» RECORDED DATA:
[Start of section]

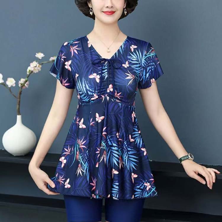 シニア向け水着。大人っぽい花柄がオシャレなチュニック風ワンピース水着!
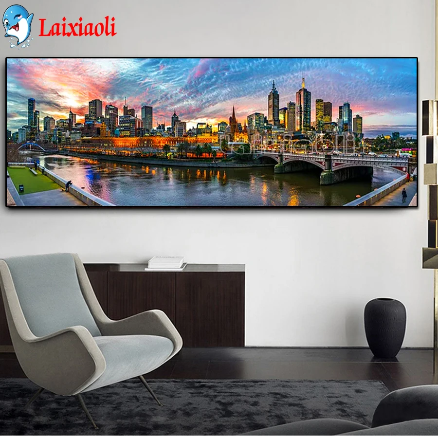 Полная квадратная круглая 5D картина «сделай сам», Мельбурн, городское здание, вышивка пейзажа, вышивка крестиком, мозаика, большой домашний декор
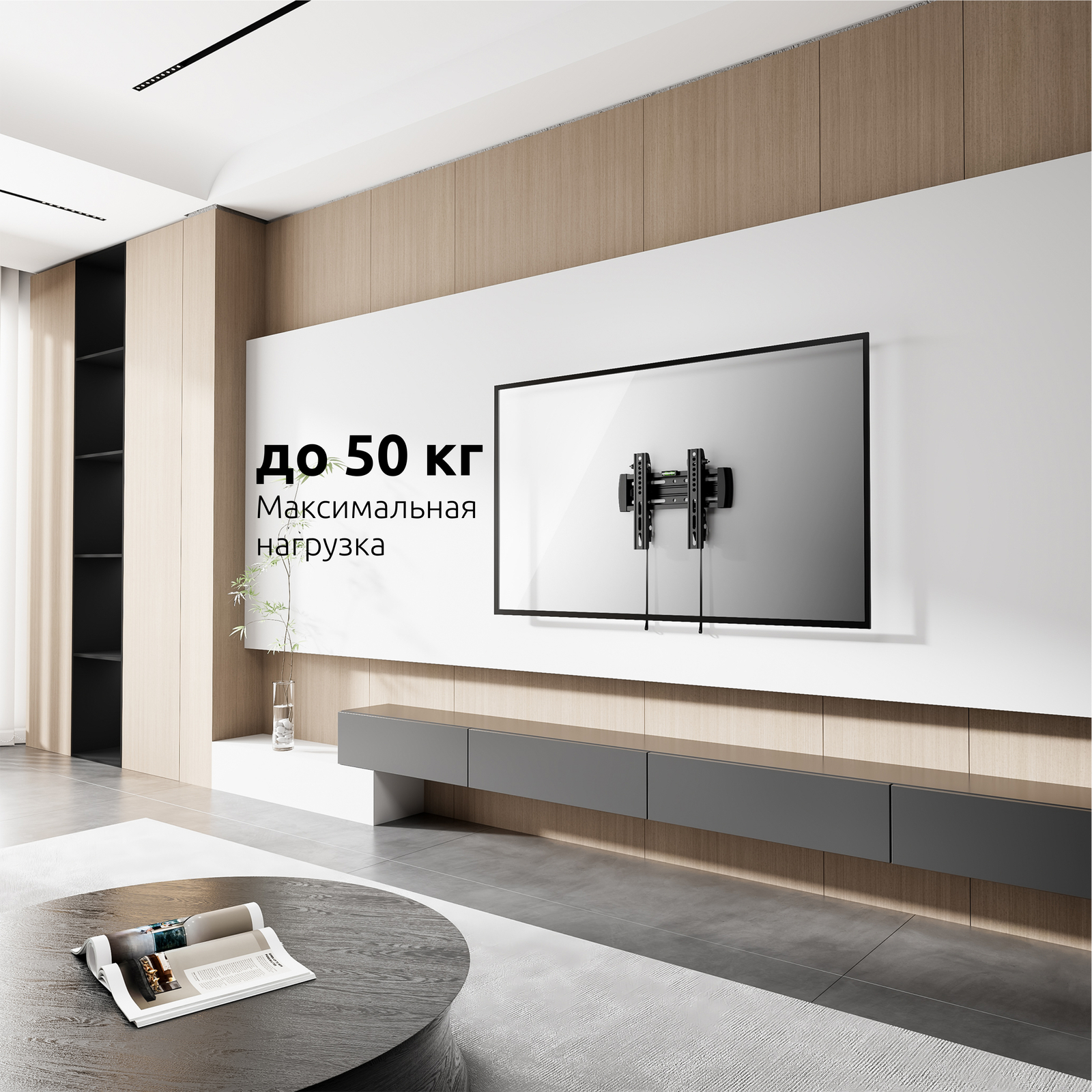 Максимальный выдерживаемый вес составляет 50 кг., что делает кронштейн подходящим для достаточно больших digital-панелей.

[End of section]

» ASSIGNED TASK:
Retype the data above exactly. Do not carry over any images.

» WRITTEN REPLY:
 シニア向け水着。大人っぽい花柄がオシャレなチュニック風ワンピース水着!
 Полная квадратная круглая 5D картина «сделай сам», Мельбурн, городское здание, вышивка пейзажа, вышивка крестиком, мозаика, большой домашний декор
 Максимальный выдерживаемый вес составляет 50 кг., что делает кронштейн подходящим для достаточно больших digital-панелей.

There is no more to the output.